[Given records]
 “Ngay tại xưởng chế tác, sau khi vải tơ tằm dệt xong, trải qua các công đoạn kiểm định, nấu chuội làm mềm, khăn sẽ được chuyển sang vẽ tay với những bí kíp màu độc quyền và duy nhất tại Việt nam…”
==
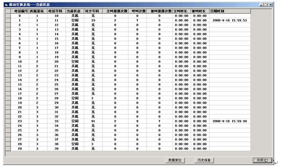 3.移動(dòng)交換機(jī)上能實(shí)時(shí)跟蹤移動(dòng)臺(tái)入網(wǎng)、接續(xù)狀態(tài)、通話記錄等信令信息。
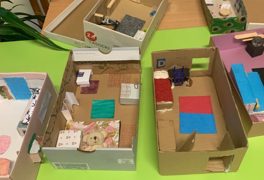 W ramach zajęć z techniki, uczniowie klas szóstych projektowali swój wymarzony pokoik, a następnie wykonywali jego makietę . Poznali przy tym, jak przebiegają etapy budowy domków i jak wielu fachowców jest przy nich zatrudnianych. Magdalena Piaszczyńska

[Exercise] From the records above, copy only the lines running from the line holding "3.移動(dòng)交換機(jī)上能實" through the line holding "W ramach zajęć", with no pictures.

[Answer to the problem]
 3.移動(dòng)交換機(jī)上能實(shí)時(shí)跟蹤移動(dòng)臺(tái)入網(wǎng)、接續(xù)狀態(tài)、通話記錄等信令信息。
 W ramach zajęć z techniki, uczniowie klas szóstych projektowali swój wymarzony pokoik, a następnie wykonywali jego makietę . Poznali przy tym, jak przebiegają etapy budowy domków i jak wielu fachowców jest przy nich zatrudnianych. Magdalena Piaszczyńska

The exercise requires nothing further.